Die Gastronomie-Nachfrage am Seeufer sei riesig, bestätigen Georg Sümer aus dem Tiefbauamt als Leiter des Seebetriebs, und Oliver Amin als Geschäftsführer des „Fénix“. Sie kommt sowohl aus den Reihen vieler Spaziergänger, Radfahrer und Jogger, als auch von potentiellen Betreibern, die hier neue Konzepte verwirklichen wollen. Das nächstgelegene Restaurant war bislang Hördes Traditionslokal „Zum Treppchen“.Als erster Direkt-Anrainer geht nun „Fénix“ vor Anker, zu finden gleich neben der Hafenpromenade im Erdgeschoss des Ärztezentrums. Dies wird von der Schürmann-Immobiliengesellschaft gebaut. Der vierteilige Häuserkomplex steht kurz vor seiner Fertigstellung.  

 Mit Blick zum Wasser speist der Gast im Fine-Dining-Bereich (60 Sitzplätze in sand-mocca-getönter Atmosphäre) neue Frischeküche mit regionalen Produkten, nicht „abgehoben, aber qualitativ hochwertig“, verspricht Amin. Und: „Wir wollen Baumüllers Forellen aus Wickede auf den Tisch bringen, sind aber kein Unternehmen, das Zitronengras aus China einfliegen lässt“. Markus Pape (30) ist Herr in der Küche. Ihm zur Seite steht ein 14-köpfiges Team. Pape kochte seit 2008 im renommierten „Haus Gerbens“ in Wickede/Ruhr. Der kreative Koch arbeitete u. a. bei Jean-Claude Bourgueil im „Schiffchen“ und im Drei-Sterne-Restaurant „Vendôme“ bei Joachim Wissler. Oliver Amin, der aus Berlin kommt und seit seinem 16. Lebensjahr in der Gastronomie arbeitet, sieht in Pape „einen der besten Köche Deutschlands“.

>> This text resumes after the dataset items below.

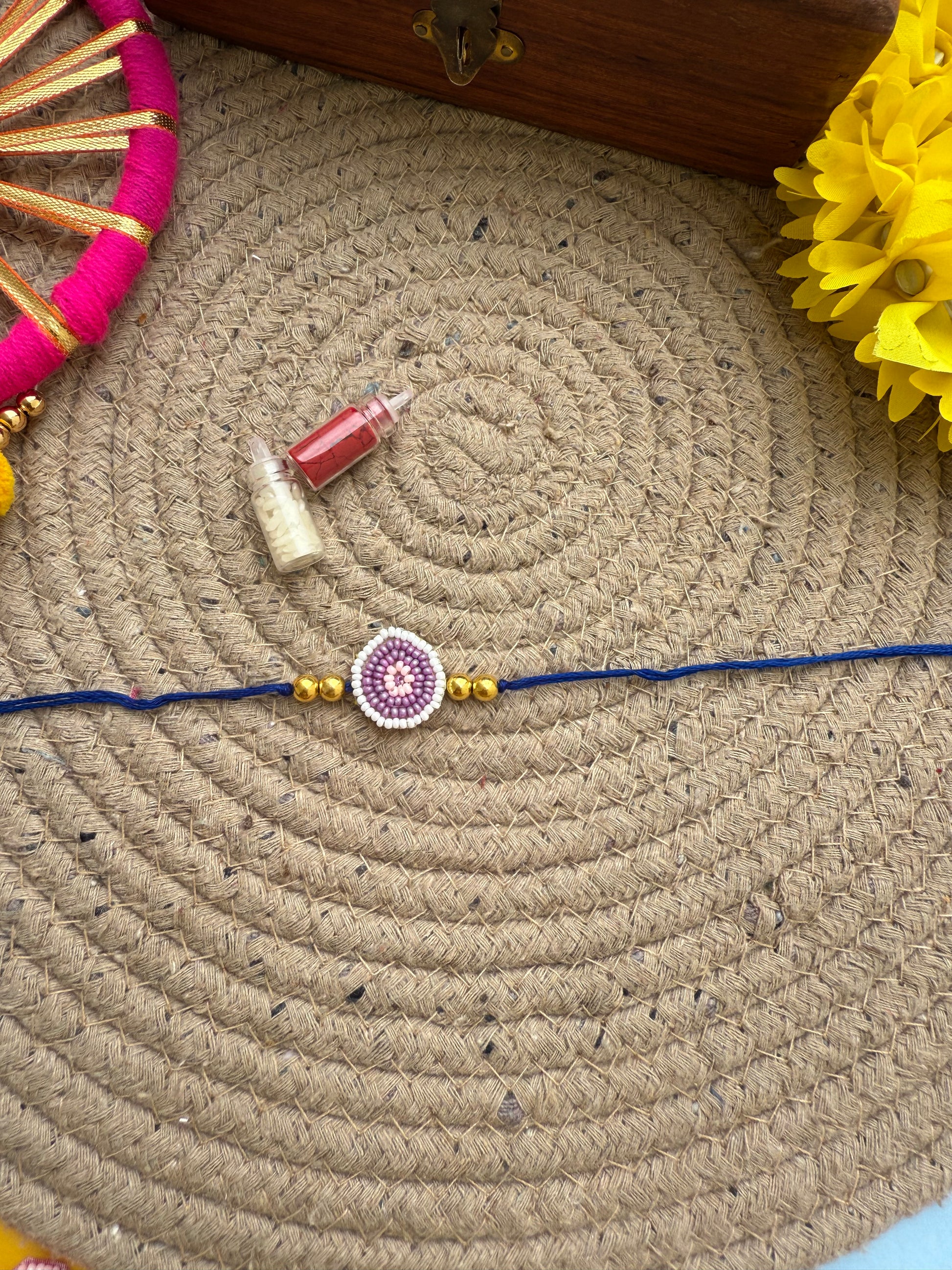 A delicate Rakhi crafted with minimal beads work for your brother’s wrist, celebrating love with simplicity. Featuring tiny handcrafted beads in soft tones, aligned on a sturdy yet elegant thread, this Rakhi blends tradition with a modern aesthetic, making it perfect for brothers who appreciate understated style.
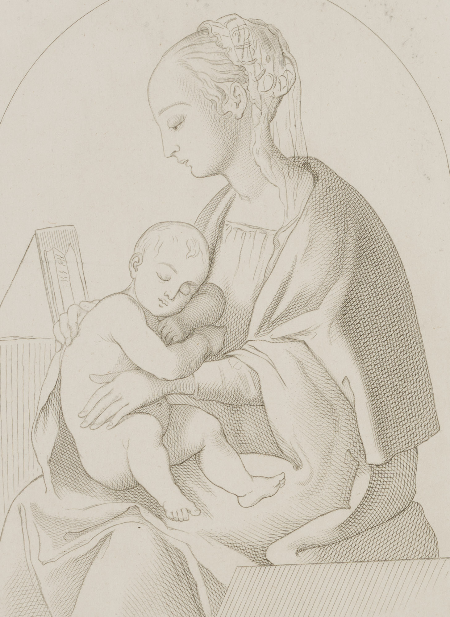 • Description: Mary holding the sleeping child Jesus in her arms.
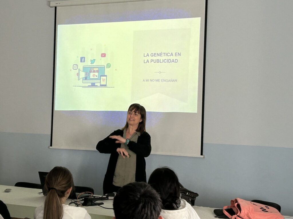Este miércoles 8 de enero ha tenido lugar la charla: «La genética en la publicidad: a mi no me engañan» para el alumnado de 1º y 2º de Bachillerato de Ciencias de la Salud. La ha impartido Maribel Zudaire que imparte docencia en los estudios de los Grados de Magisterio de Infantil y Primaria, y en el Master Universitario en Profesorado de Educación Secundaria.
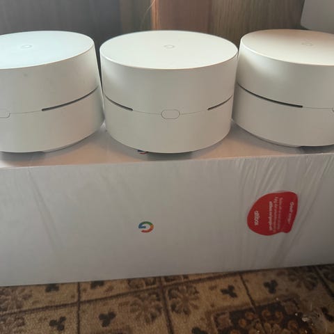 5 stykk Google Wifi mesh gen.1 for trådløst nettverk.
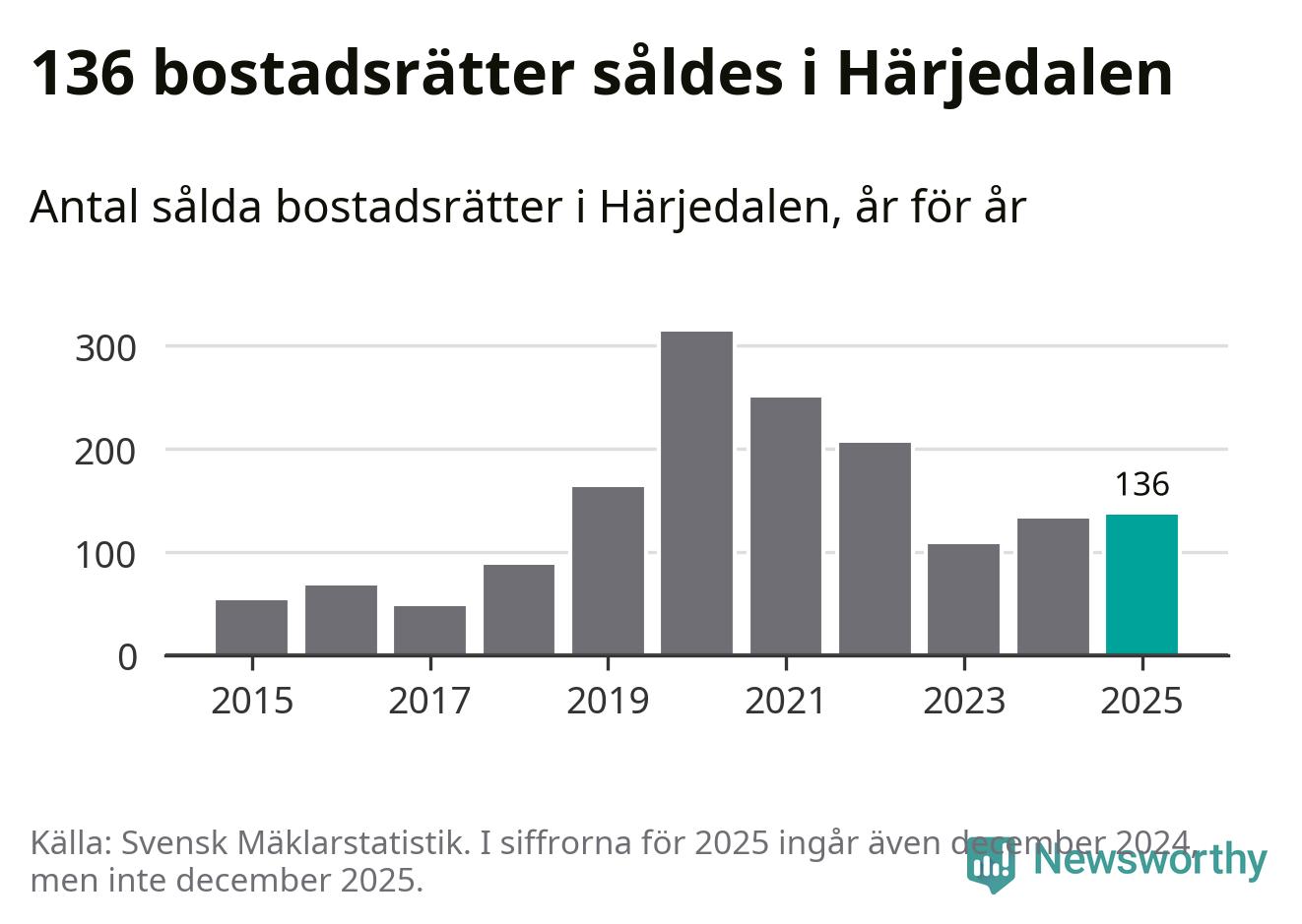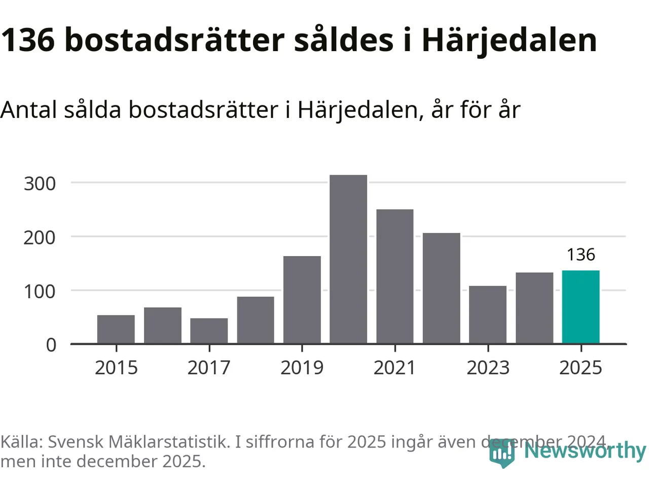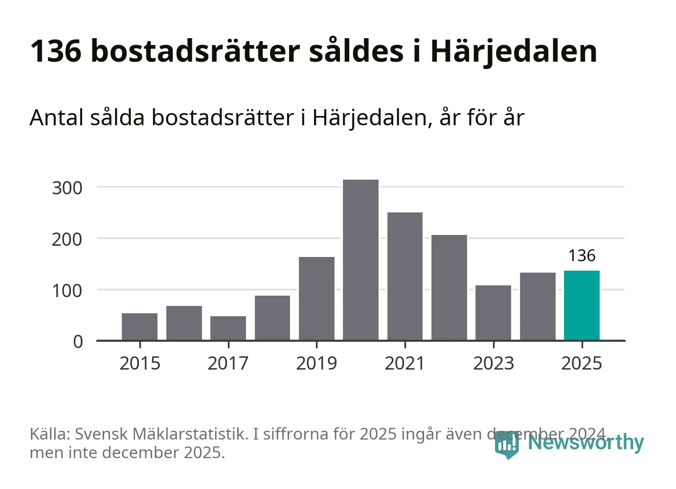 Det visar årsstatistik från Svensk Mäklarstatistik som Newsworthy har sammanställt.
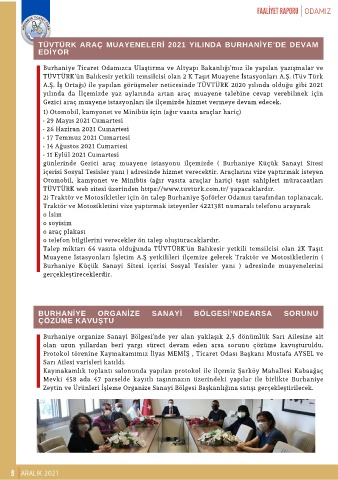 günlerinde Gezici araç muayene istasyonu ilçemizde ( Burhaniye Küçük Sanayi Sitesi
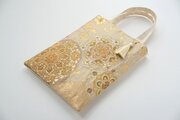 【華模様 ゴールド シルク帯リメイク ミニサブバック フォーマルバック】日常使い、結婚式、パーティー、和装バックにも。
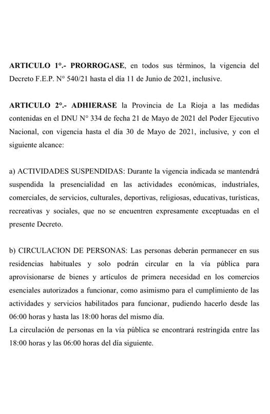 Al mismo tiempo por el mismo Decreto provincial se prorrogan hasta el 11/06 las medidas que venían rigiendo en la provincia hasta el día 21/05.
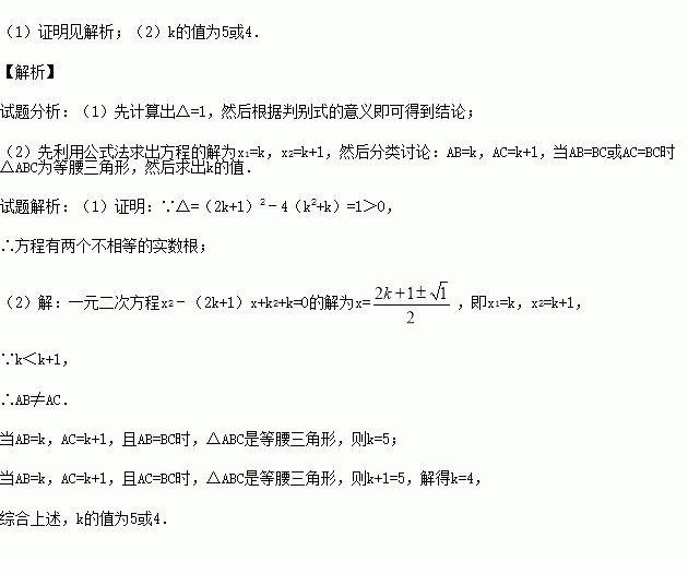已知关于x的一元二次方程x2﹣(2k+1)x+k2+k=0.
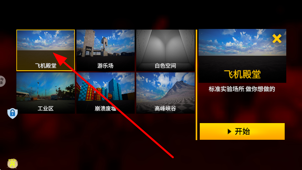 2、關(guān)卡選擇界面有飛機(jī)殿堂、游樂場等不同場景,點(diǎn)擊想要游玩的關(guān)卡,再點(diǎn)擊開始,即可進(jìn)入相應(yīng)關(guān)卡,開啟游戲挑戰(zhàn)。
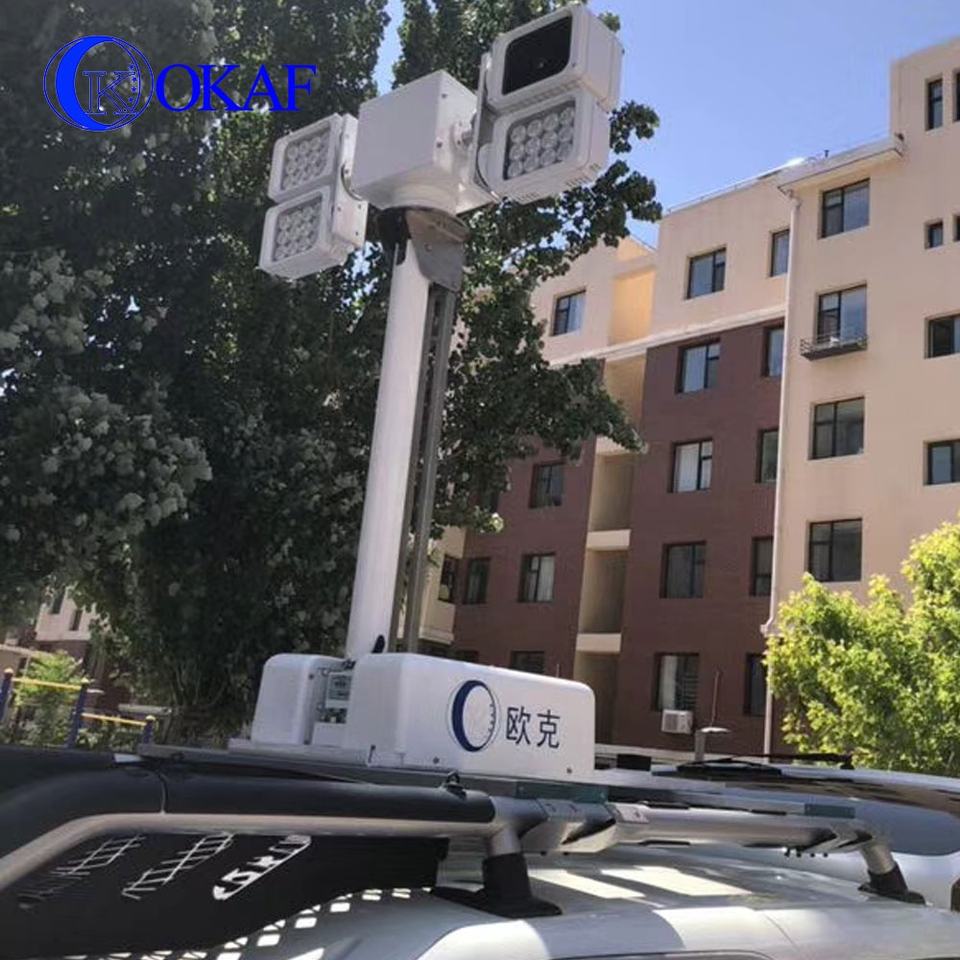 Mât télescopique pliable monté sur véhicule, améliorant la visibilité pour les patrouilles mobiles et la sécurité d'urgence
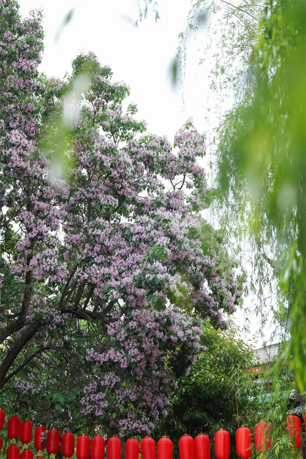 掛起紅燈籠,光影搖曳,與楸木花相映成趣。有人倚著雕花欄桿,看花瓣隨風(fēng)飄向遠(yuǎn)方,忽然明白,束河的美,美在不
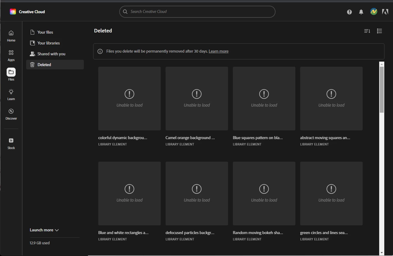 I'm trying to restore a file that I deleted from Adobe Creative Cloud, but it won't load the files. I've attached a screenshot. I'm using Windows 11 Pro Version 22H2.
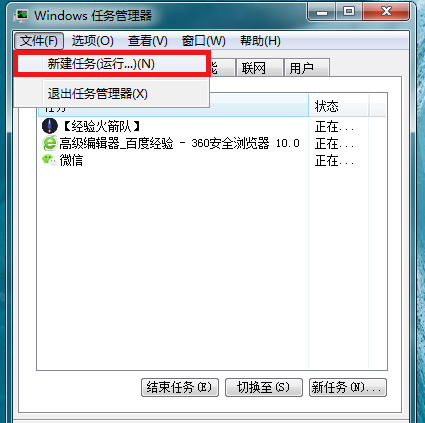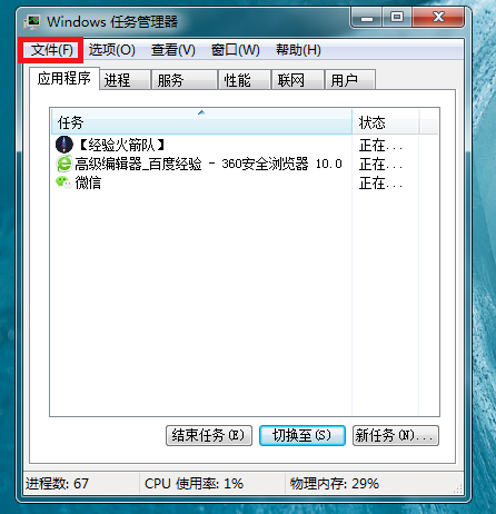 按住快捷键【Alt+Ctrl+Del】,启动Windows任务管理器,如图,在菜单栏中点击【文件】,

 Dazu passt der Weinkeller mit 300 edlen Tropfen. Fast zwei Dutzend rote und weiße Fläschchen darunter finden sich auch auf der Karte des direkt anschließenden Bistros. Eingerichtet im französischen Kaffeehaus-Stil mit dunklem Holz und Fliesen im Gründerzeit-Ambiente, bietet es Platz für mindestens weitere 60 Plätze. Gespeist wird bei täglich durchgängiger Küche (8 bis 24 Uhr geöffnet) zum Beispiel Dortmunder Currywurst mit Kartoffelstroh zu 4,50 Euro. Oder Salat von marinierten Flusskrebsen zu grünem Spargel (9,80 Euro), hausgemachte Pasta in zwei Portionsgrößen, oder Pfefferpotthast aus der Ochsenbacke (14,50 Euro).Die hauseigene Bäckerei schiebt echte, dünne Baguettes in den Ofen, aber auch Dortmunder Salzkuchen, zehn bis 15 Torten täglich, Petit Fours und Macarons (Baisergebäck aus Mandelmehl). Draußen wird großzügig bestuhlt, und auf dem Dach des Nebenhauses entsteht ein 160 Quadratmeter großer Penthouse-Eventbereich für aussichtsreiche Feiern (ab Ende August). Ach ja: „Fénix“ betreibt Catering und stellt sich auch bei GourmeDO Anfang August auf dem Friedensplatz vor.